Speaker C:Yeah. I feel like she, like, engraved herself into his family better than he ever did.
Speaker A:Yes.
Speaker C:Like, which is.
Speaker B:Yeah.
Speaker C:I feel like that's part of the reason why he gets kind of, like. He kind of, like, throws everything apart. Rand almost feels random, like, when he brings her there. Then, like, within a couple days, he breaks up with her.
Speaker B:And, like, everything he's telling. Like, he's telling her is just, like, there's a lie for all of it, like, from how his brother died to, like, that his mom. He's like, no, she's not dead. She's just a lesbian now.
Speaker A:Well, yeah. Well, I mean, he says the same. His dad says, like, he idolizes his dad. And the reason he breaks up with her because he's like, what do you think of my new. It's a beetle. Hey, what do you think of my new girlfriend? And she's like. He's like. He breaks up with her right after that.
Speaker C:Right.
Speaker A:It's just like. I don't know. He's just a. He's a dick. I just don't like him at all.
Speaker C:I don't think, like, he ever redeems himself for me.

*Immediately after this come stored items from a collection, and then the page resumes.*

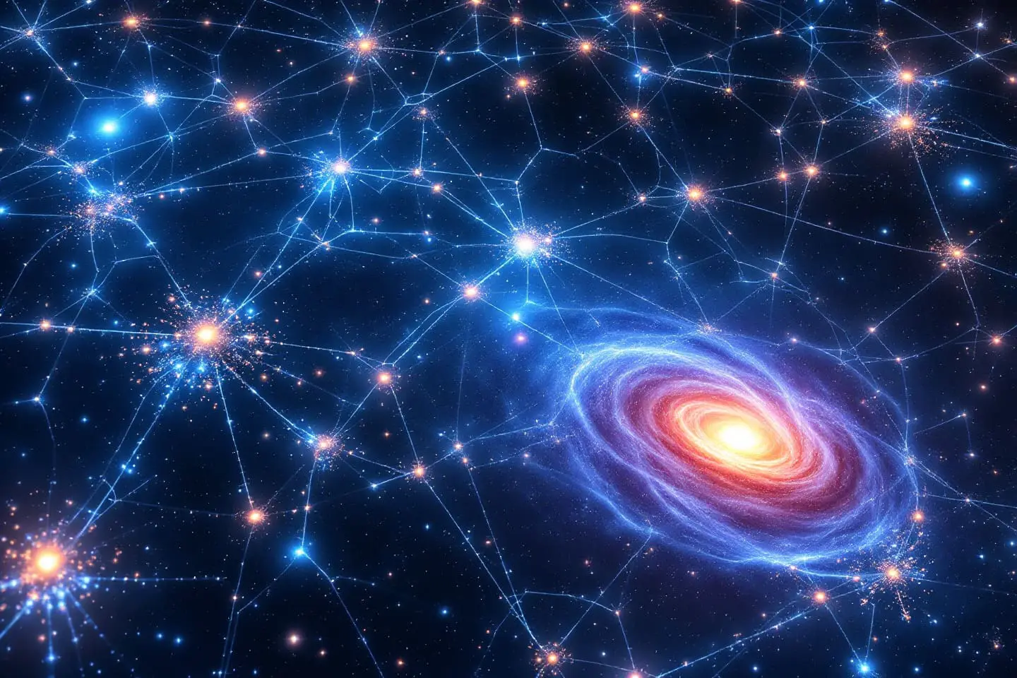 An image showing how cosmology explains our origin by visualizing the vast cosmic web and tracing a filament down to a single galaxy and star system
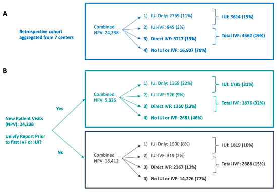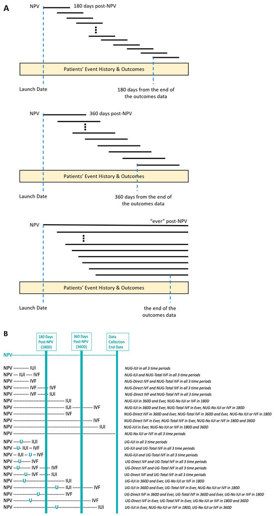 Patient Groups: The Univfy Group comprised patients who received a Univfy report prior to the first IUI or first IVF usage or had no IUI or IVF subsequent to receiving the Univfy report, within the analysis period (Figure 3A,B). The No Univfy Group comprised patients who did not receive a Univfy report prior to their first IUI or IVF, or at any time during that same analysis period.
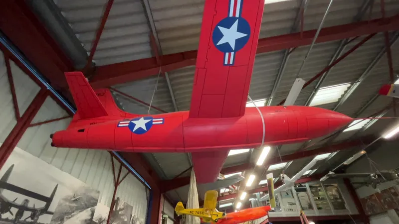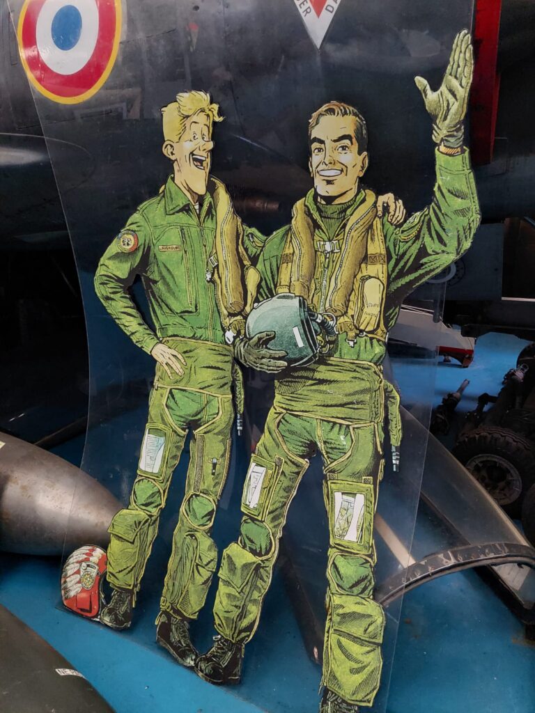 Entre deux, vous trouverez un Mirage 4 (2340 km/h, 25 m de long) qui portait l’arme atomique ou alors l’un des deux planeurs oranges dans lesquels Bourvil et De Funès se sont envolés à la fin de La Grande Vadrouille. Les vrais du film !
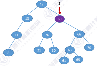 由二叉树的遍历序列可知,值为60的节点就是z的右子树的最左下节点,因此可以直接将60替换到z节点位置
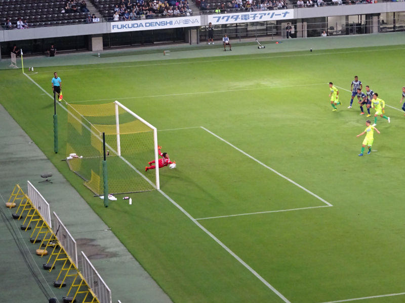 それでも、この試合の船山はすごかった。この時間帯、同点に追いついた福岡に勢いがあったのですが、ここぞという場面での近藤の持ち上がり。茶島の折返しもギリギリのタイミングでしたが、船山が足を伸ばして決めました。これで勝てれば良かったのですが、福岡も城後を投入して、最後に追いつきました。鳥海に当たったボールが見事に城後のところに落ちてくるんですよね。大野もあの至近距離で反応しましたが、ボールは無情にもゴールへ。
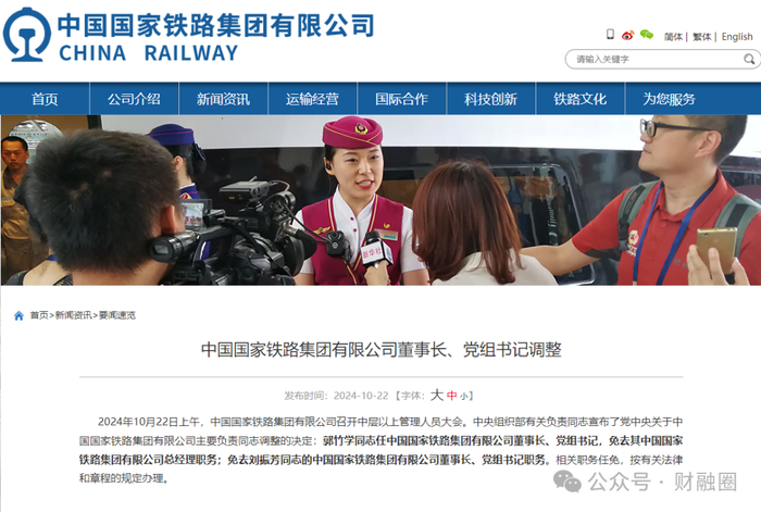 中国国家铁路集团有限公司网站消息,2024年10月22日上午,中国国家铁路集团有限公司召开中层以上管理人员大会。中央组织部有关负责同志宣布了党中央关于中国国家铁路集团有限公司主要负责同志调整的决定:郭竹学同志任中国国家铁路集团有限公司董事长、党组书记,免去其中国国家铁路集团有限公司总经理职务;免去刘振芳同志的中国国家铁路集团有限公司董事长、党组书记职务。相关职务任免,按有关法律和章程的规定办理。
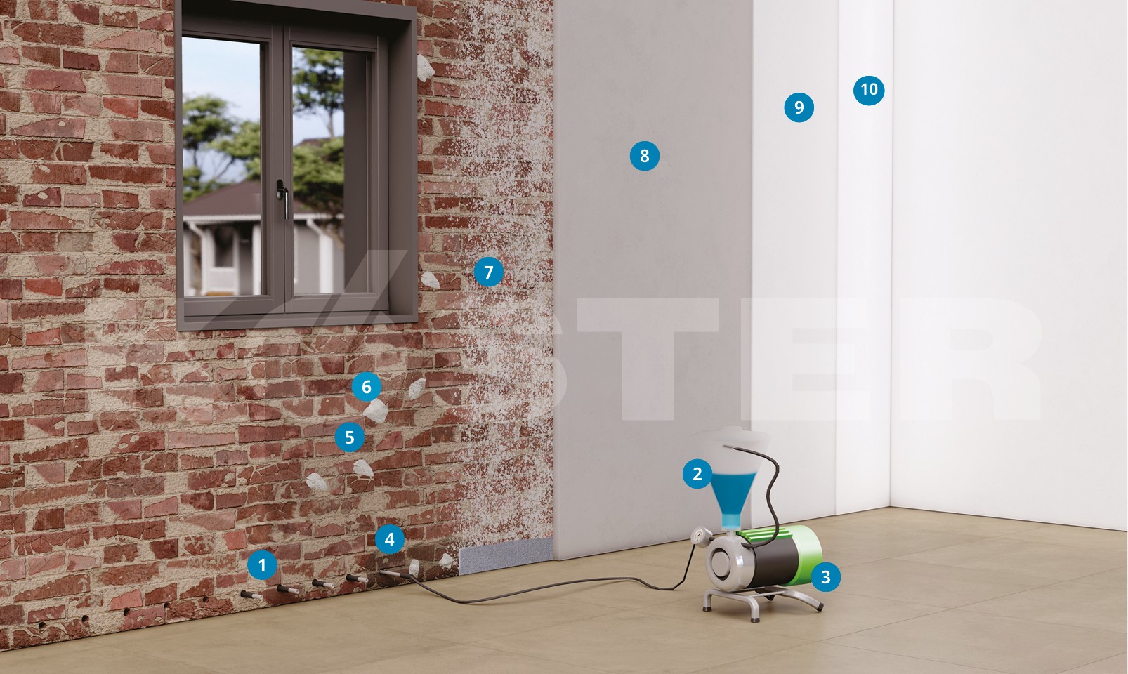In cases where damage is caused by rising moisture, the old plaster has to be removed from the wall. After the installation of the horizontal barrier, the application of KÖSTER Restoration Plaster is required. The KÖSTER Restoration Plaster allows the masonry to dry without damage. KÖSTER Restoration plasters are open to vapor diffusion and are hydrophobic. Salts remaining in the wall are absorbed by the KÖSTER Restoration Plasters so that salt doesn’t effloresce to the surface and doesn’t cause damage to the plaster or paint.
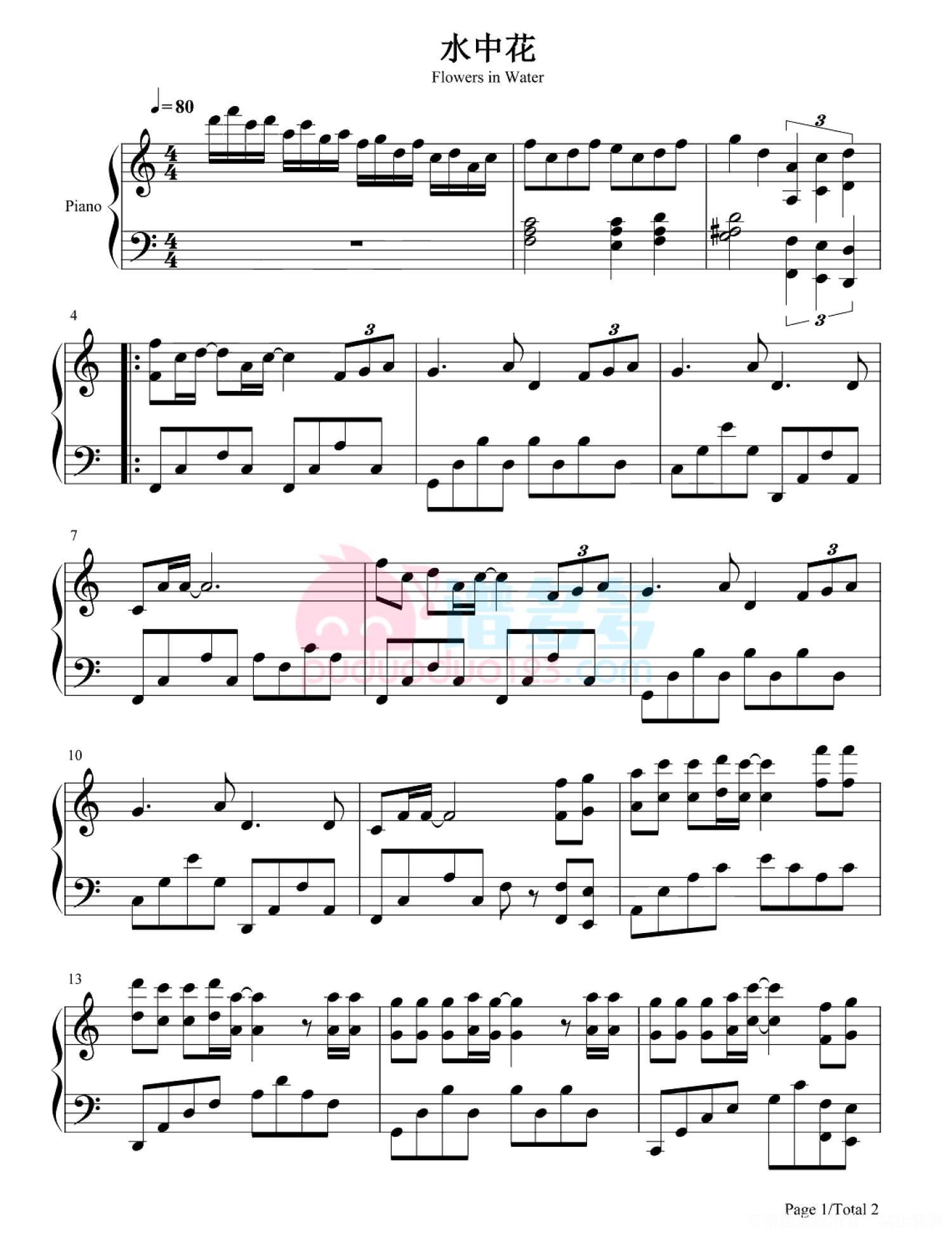 当前位置:琴谱网>钢琴谱>水中花

Speaker A:No, he doesn't. But she redeems him.
Speaker C:Yeah. She makes him better slowly. Like.
Speaker A:Yeah.
Speaker C:Like, at the end, he finally plays that weird horse game. And, like. Yeah. That's supposed to show you that he's changed, I guess. But it's not enough. Not.
Speaker A:Not enough at all. But I do like that she's terrible at this horse game.
Speaker C:Yeah. She always. Never sees the horse.
Speaker A:Horse. Damn. You see the horse so fast every time.
Speaker C:And I like her reaction. She's always.
Speaker A:Damn it.
Speaker C:Damn it.
Speaker A:I really like her as a person. Like, I wanted to, like, befriend her while watching this movie.
Speaker C:Yeah. I was like, nobody likes you. I don't know why.
Speaker A:I don't know why.
Speaker C:Yeah. Everybody's mean to her. I'm like, she's not. Like, she's a little awkward, but, like, that's not a bad thing.
Speaker D:But not.
Speaker A:So Jared's family is really nice to her.
Speaker C:Yeah.
Speaker A:But, like, her work hates her.
Speaker B:Were they actually really firing somebody, or did they everyone Her? Yeah. And they're like, yeah, we. They put all her name in the. In the basket. I like the party she goes to where everyone has to dress like their favorite animal, so then they can play a person versus person fighting game.
Speaker A:Fighting game. And then throw shoes at the one dude.
Speaker B:Yeah.
Speaker C:That was really funny.
Speaker B:He's got a helmet.
Speaker C:He's, like, cowering in the corner, like.
Speaker B:Yeah.
Speaker C:He's like. Does not look like he actually volunteered for this at all.
Speaker B:So.
Speaker A:The movie's so weird. Go ahead.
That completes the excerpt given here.